Ben-Hur
CHAPITRE PREMIER
Le Jébel es Zubleh est une chaîne de montagnes peu élevée, longue d’environ cinquante kilomètres. Du haut des rochers de grès rouge qui la composent, la vue ne découvre au levant, si loin qu’elle peut s’étendre, que le désert d’Arabie. Les sables, charriés par l’Euphrate, s’amoncellent au pied de la montagne, qui forme ainsi un rempart sans lequel les pâturages de Moab et d’Ammon feraient, eux aussi, partie du désert. Une vallée, partie de l’extrémité du Jébel et se dirigeant de l’est au nord, pour devenir le lit du Jabok, traverse la route romaine, qui n’est plus aujourd’hui qu’un simple sentier, suivi par les pèlerins qui se rendent à la Mecque.
Un voyageur venait de sortir de cette vallée. Il paraissait avoir quarante-cinq ans. Sa barbe, jadis du plus beau noir, commençait à s’argenter. Son visage, à demi caché par le kefieh , mouchoir rouge qui recouvrait sa tête, était brun comme du café brûlé, et ses yeux, qu’il levait par moments, étaient grands et foncés. Il portait les vêtements flottants en usage dans l’Orient, mais on ne pouvait en distinguer les détails, car il était assis sous une tente en miniature, disposée sur le dos d’un grand chameau blanc.

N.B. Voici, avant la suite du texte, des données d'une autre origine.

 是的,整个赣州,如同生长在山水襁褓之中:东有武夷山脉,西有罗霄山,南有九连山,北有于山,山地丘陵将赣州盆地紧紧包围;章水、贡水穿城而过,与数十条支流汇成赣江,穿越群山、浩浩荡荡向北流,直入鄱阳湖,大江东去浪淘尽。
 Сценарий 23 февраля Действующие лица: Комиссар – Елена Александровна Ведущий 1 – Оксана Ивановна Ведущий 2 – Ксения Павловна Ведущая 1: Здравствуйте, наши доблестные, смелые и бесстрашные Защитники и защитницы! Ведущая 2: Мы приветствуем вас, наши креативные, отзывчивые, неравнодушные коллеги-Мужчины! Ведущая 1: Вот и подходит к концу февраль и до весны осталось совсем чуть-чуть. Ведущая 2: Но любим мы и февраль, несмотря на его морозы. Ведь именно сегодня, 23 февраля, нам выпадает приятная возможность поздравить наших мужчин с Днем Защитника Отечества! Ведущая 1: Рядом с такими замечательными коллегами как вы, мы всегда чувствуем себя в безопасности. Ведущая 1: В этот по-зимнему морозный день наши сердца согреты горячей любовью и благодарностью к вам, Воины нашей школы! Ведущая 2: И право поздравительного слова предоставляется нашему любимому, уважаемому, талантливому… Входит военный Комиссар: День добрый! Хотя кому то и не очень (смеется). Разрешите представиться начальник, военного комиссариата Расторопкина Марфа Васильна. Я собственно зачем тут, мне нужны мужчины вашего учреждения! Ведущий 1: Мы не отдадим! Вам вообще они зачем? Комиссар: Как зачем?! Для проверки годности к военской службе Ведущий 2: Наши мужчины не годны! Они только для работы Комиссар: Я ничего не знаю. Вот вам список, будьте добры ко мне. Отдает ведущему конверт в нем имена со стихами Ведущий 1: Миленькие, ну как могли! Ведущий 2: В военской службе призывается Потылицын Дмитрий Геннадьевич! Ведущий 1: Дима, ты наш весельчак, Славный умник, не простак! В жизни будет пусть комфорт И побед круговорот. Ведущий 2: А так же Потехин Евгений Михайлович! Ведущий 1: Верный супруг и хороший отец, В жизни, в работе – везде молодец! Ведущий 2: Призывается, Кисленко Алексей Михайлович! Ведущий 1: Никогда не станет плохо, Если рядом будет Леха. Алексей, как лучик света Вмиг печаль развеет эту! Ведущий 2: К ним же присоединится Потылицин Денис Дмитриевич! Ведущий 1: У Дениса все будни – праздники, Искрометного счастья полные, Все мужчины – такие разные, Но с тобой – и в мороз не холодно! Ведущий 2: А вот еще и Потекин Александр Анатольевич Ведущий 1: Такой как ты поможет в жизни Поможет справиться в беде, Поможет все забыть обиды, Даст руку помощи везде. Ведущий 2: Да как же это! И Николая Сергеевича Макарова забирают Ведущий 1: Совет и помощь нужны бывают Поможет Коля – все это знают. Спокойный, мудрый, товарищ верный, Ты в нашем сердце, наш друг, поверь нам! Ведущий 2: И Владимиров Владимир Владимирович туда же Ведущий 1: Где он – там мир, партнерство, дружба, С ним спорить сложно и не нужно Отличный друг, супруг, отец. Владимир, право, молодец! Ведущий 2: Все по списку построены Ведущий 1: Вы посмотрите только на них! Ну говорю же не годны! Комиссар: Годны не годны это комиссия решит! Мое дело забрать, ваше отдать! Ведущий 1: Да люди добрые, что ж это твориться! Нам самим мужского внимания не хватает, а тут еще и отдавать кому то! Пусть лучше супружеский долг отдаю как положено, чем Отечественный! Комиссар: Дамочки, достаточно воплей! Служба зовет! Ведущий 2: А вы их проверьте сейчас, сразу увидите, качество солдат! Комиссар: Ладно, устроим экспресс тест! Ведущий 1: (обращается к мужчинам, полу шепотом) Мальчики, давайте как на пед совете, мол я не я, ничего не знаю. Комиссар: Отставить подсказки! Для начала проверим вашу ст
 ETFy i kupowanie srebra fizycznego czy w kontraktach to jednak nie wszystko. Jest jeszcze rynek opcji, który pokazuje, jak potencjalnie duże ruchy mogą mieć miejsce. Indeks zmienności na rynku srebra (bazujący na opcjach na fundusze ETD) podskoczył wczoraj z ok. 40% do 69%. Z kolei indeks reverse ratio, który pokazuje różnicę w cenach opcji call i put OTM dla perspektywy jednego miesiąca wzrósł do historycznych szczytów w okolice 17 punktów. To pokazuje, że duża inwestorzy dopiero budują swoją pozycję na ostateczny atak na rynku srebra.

C’était un animal digne d’admiration, que ce chameau. Sa couleur, sa hauteur, la largeur de son pied, sa bosse musculeuse, son long col de cygne, sa tête, large entre les yeux et terminée par un museau si mince, qu’il aurait tenu dans un bracelet de femme, son pas égal et élastique, tout prouvait qu’il était de cette pure race syrienne dont l’origine remonte aux jours de Cyrus et, par conséquent, absolument sans prix. Une frange rouge s’étalait sur son front, des chaînes de bronze, terminées par des sonnettes d’argent, entouraient son cou, mais il n’avait ni brides, ni licol, pour le conduire.

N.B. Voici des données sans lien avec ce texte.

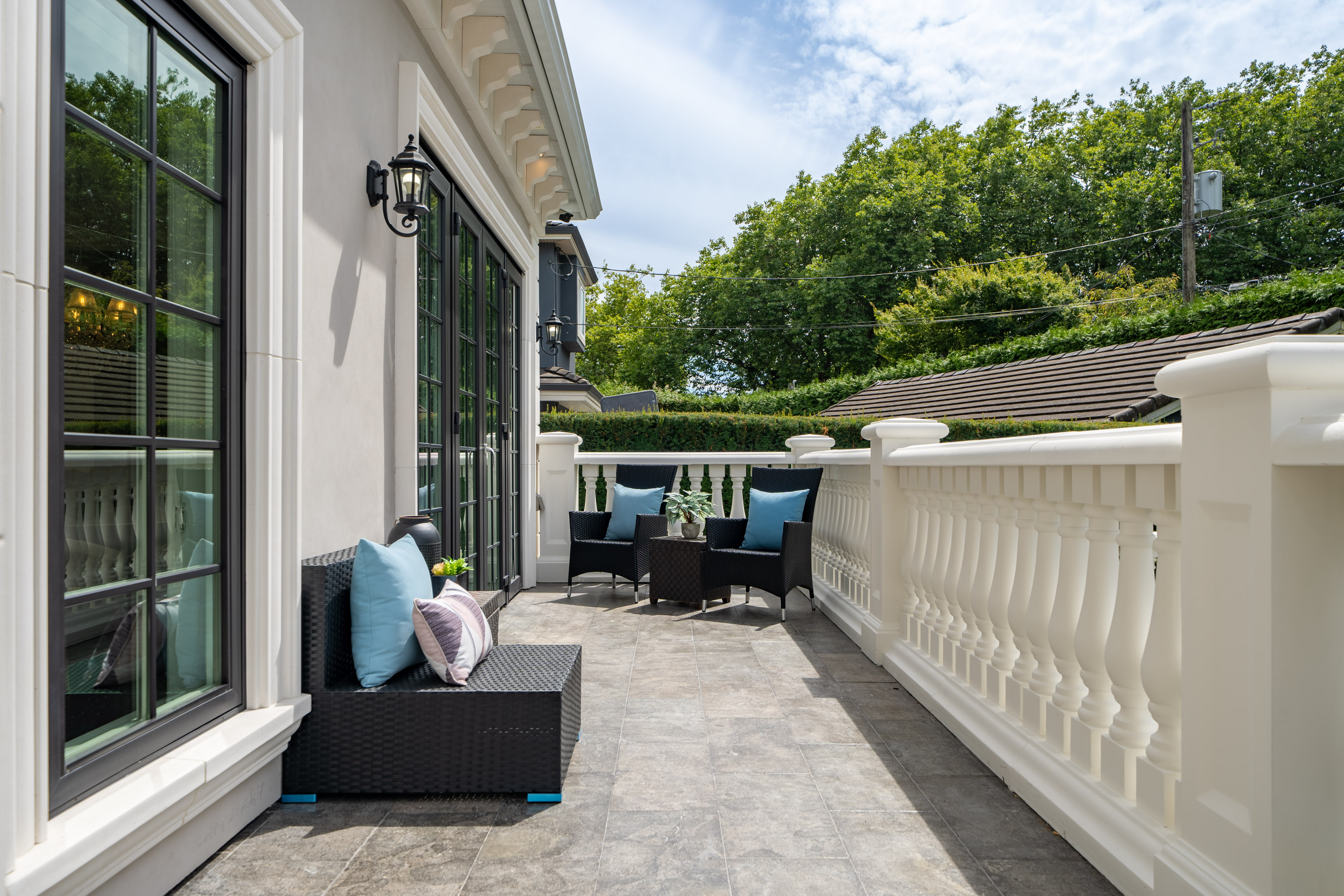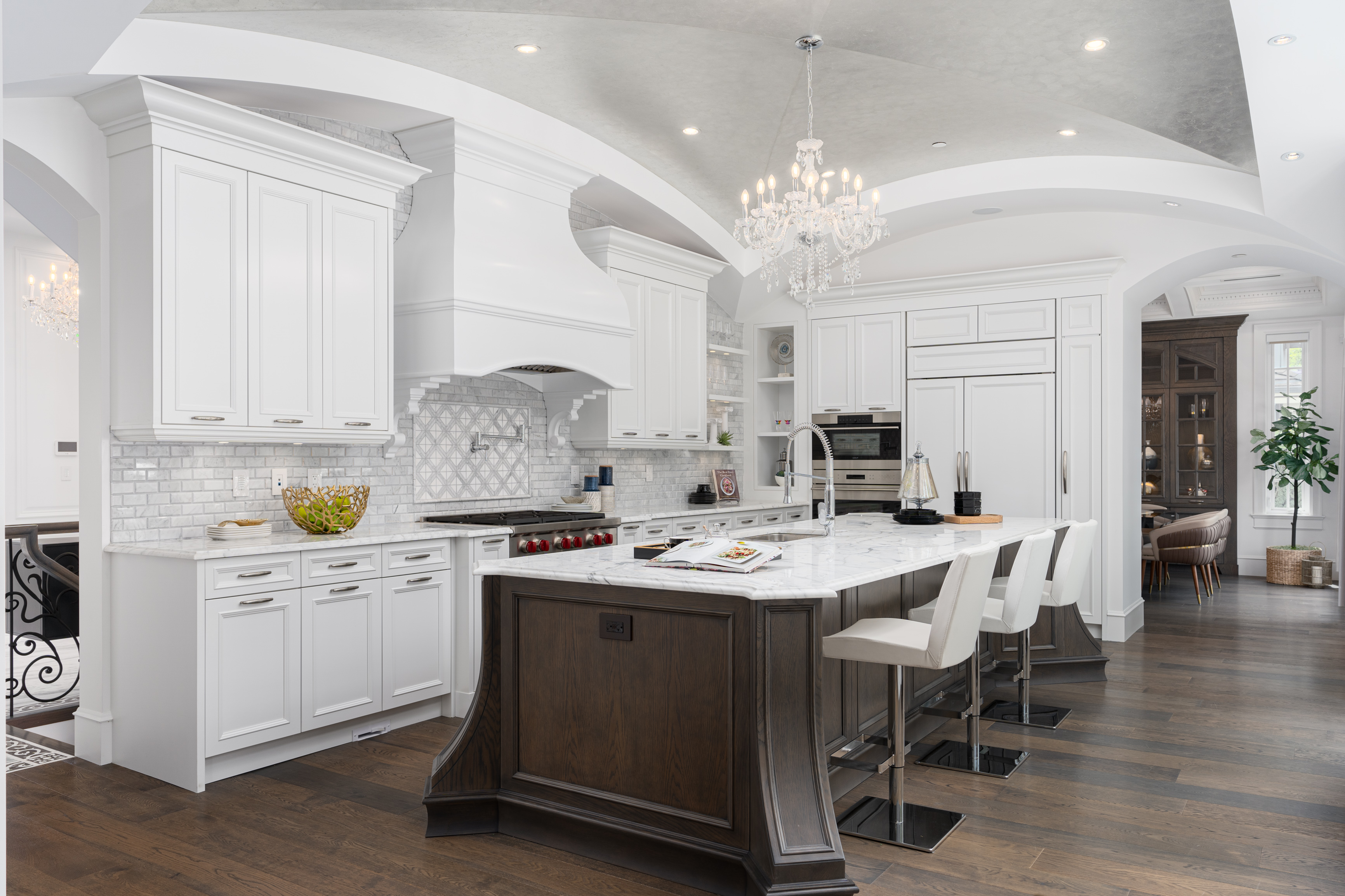 Exterior clad in limestone custom moulding, custom maple cabinetry, all bedrooms ensuited, two laundry rooms. You can feel the quality of the finishes as you walk through Château de Bellevue — Welcome home.

En franchissant l’étroite vallée, le voyageur avait dépassé la frontière d’El Belka, l’ancien Ammon. C’était le matin. Devant lui montait le soleil, noyé dans une brume légère, et s’étendait le désert. Ce n’était point encore le désert de sable, mais la région où la végétation commence à s’étioler, où le sol est jonché de blocs de granit et de pierres brunes ou grises, entre lesquelles croissent de maigres mimosas et des touffes d’alfa.
De route ou de sentier, plus trace. Une main invisible semblait guider le chameau ; il allongeait son pas et, la tête tendue vers l’horizon, il aspirait, par ses narines dilatées, des bouffées de vent du désert. La litière où se reposait le voyageur se balançait sur son dos, comme un navire sur les flots. Parfois un parfum d’absinthe embaumait l’air. Des alouettes et des hirondelles s’envolaient devant eux et des perdrix blanches fuyaient à tire d’aile, avec de petits cris éperdus, tandis que de temps à autre un renard ou une hyène précipitait son galop, pour considérer de loin ces intrus. À leur droite s’élevaient les collines du Jébel, enveloppées d’un voile gris perle qui prenait aux rayons du soleil levant des teintes violettes, d’une incomparable intensité. Au dessus de leur sommet le plus élevé un vautour planait, en décrivant de grandes orbes. Mais rien de tout cela n’attirait l’attention du voyageur. Son regard était fixé sur l’espace ; il semblait, comme sa monture, obéir à un mystérieux appel.
Pendant deux heures, le dromadaire fila tout droit dans la direction de l’orient ; si rapide était son allure, que le vent lui-même ne l’aurait pas dépassé. Le paysage changeait peu à peu. Le Jébel ne paraissait plus être, à l’horizon occidental, qu’un simple ruban bleu. Les pierres diminuaient. Du sable, rien que du sable, ici uni comme une plage, là ondulé comme des vagues, ou bien encore s’élevant en longues dunes. Le soleil, débarrassé maintenant des brumes qui l’entouraient à son lever, réchauffait la brise, jetait sur la terre une lumière blanche, aveuglante, et faisait flamboyer l’immense voûte du ciel.
Deux autres heures passèrent encore. Plus trace de végétation sur le sable durci, qui se fendait sous les pas du dromadaire. On ne voyait plus le Jébel, et l’ombre, qui jusqu’alors les avait suivis, s’inclinait maintenant vers le nord et courait sur la même ligne qu’eux ; cependant le voyageur ne paraissait pas songer à s’arrêter encore.